Year ago, the highly reputable National Bureau of Economic Research got a fund from the Rockefeller Foundation and the Association of Reserve City Bankers to study instalment credit. It found a red-haired University of Pennsylvania professor named Ralph Young, and a black-haired Hunter College girl named Blanche Bernstein who knew her onions, having plowed through difficult statistical jobs with NRA, WPA, U. S. Department of Labor, etc. These two, with three assistants, were set up in N.B.E.R.’s financial research workshop—an estate (next door to Arturo Toscanini), in swank Riverdale, N. Y., with tennis court, swimming pool, view of the Hudson. Handed to them was a stack of raw material: statistics on the purchases of 60,000 U. S. families, collected by white-collar WPAsters in 1935-36.
Last week the Bureau published The Statistical Pattern of Instalment Debt, a 23-page pamphlet, which told the results of the study of non-relief families in 1935-36. Prime facts:
> Nearly one in four U. S. families were making instalment payments.
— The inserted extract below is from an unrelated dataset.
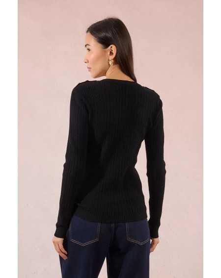 Ce pull fin en maille torsadée mise sur une coupe ajustée et une texture travaillée pour un look à la fois confortable et raffiné. L'encolure ronde et la patte d'épaule ornée de boutons contrastés lui apportent une touche originale, idéale pour structurer la silhouette avec subtilité.

> Peak instalment buying was among families with revenues of $1,750-$2,000.
> The 1935-36 recovery caused 70% of instalment-buying families to increase their instalment indebtedness. The net increase amounted to $407,000,000 or $580,000,000 when single persons and relief families were included.
> Automobiles were the largest item of instalment buying in dollar volume, accounted for 50% of the gross increase. Next: furniture (18%); electric refrigerators (15%).
> Heaviest instalment buying was in biggish cities; small cities have less, metropolises like New York and Chicago (where fewer families own automobiles) still less. Farm families did least instalment buying of any.